The required output is the exact run of lines in the listing below from the line holding "Çocuklar için tasarlanan" through the line holding "To find a view, click", with no pictures.

◆ Records supplied:
+===+

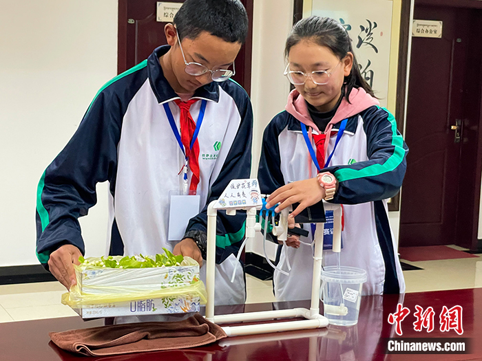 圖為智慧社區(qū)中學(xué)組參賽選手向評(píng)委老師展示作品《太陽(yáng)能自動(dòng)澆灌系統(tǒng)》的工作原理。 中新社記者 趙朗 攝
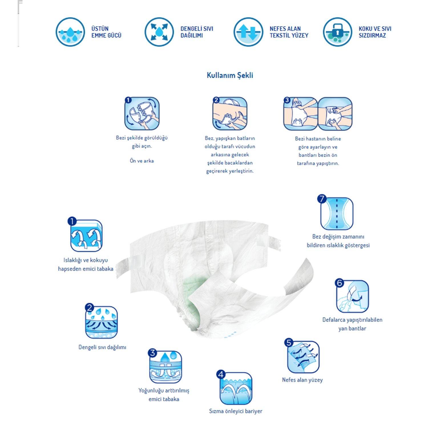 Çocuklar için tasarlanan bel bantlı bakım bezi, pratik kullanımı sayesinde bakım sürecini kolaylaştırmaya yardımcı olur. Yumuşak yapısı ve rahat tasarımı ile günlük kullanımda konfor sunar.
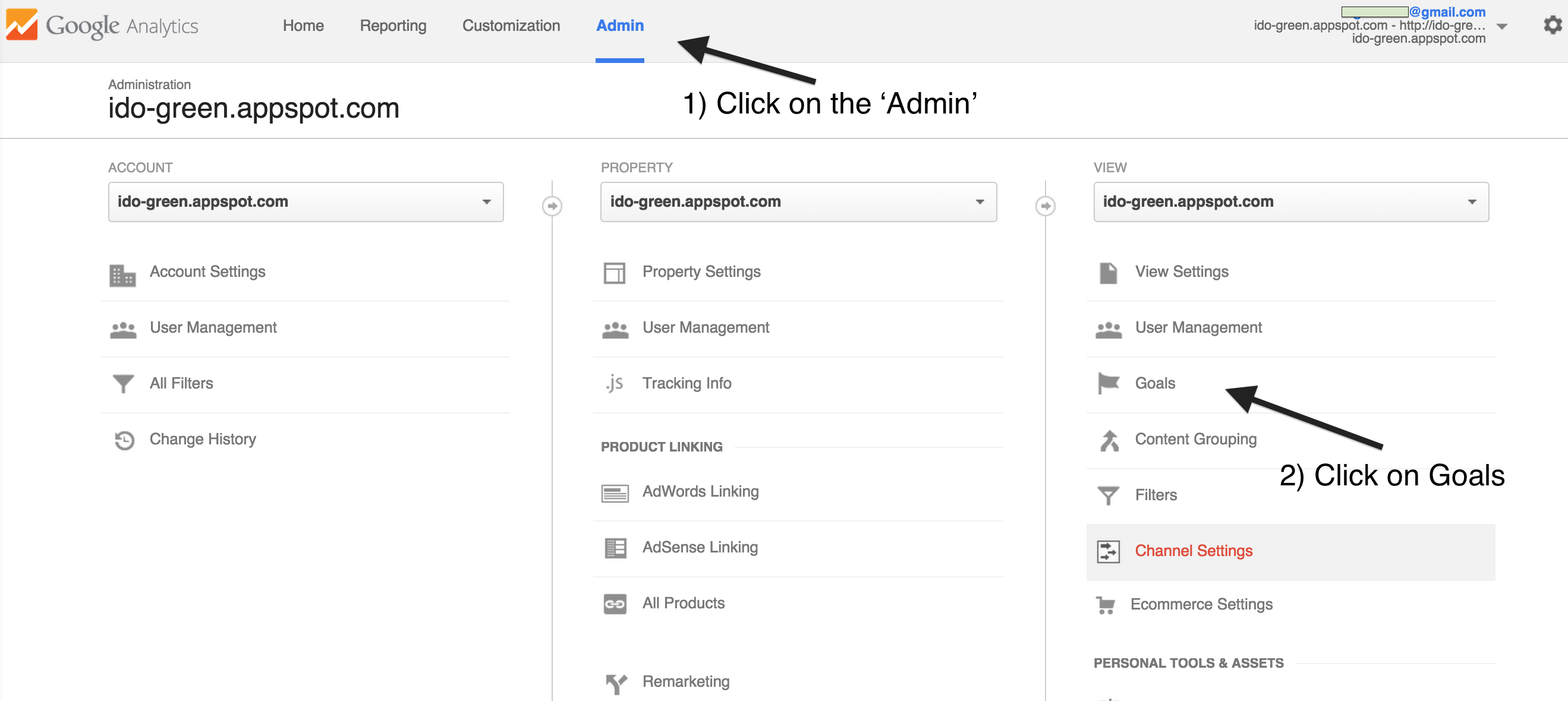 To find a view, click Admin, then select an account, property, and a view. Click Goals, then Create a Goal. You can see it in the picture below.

+===+

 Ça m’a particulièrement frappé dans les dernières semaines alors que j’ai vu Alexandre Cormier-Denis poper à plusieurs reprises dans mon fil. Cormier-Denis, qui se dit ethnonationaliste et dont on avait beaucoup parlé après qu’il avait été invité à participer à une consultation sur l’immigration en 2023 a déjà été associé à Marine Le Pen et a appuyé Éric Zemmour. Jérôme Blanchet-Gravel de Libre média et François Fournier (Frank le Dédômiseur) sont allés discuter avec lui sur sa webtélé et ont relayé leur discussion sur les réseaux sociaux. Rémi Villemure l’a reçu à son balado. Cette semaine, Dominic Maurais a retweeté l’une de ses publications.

+===+

◆ Answer box:
 Çocuklar için tasarlanan bel bantlı bakım bezi, pratik kullanımı sayesinde bakım sürecini kolaylaştırmaya yardımcı olur. Yumuşak yapısı ve rahat tasarımı ile günlük kullanımda konfor sunar.
 To find a view, click Admin, then select an account, property, and a view. Click Goals, then Create a Goal. You can see it in the picture below.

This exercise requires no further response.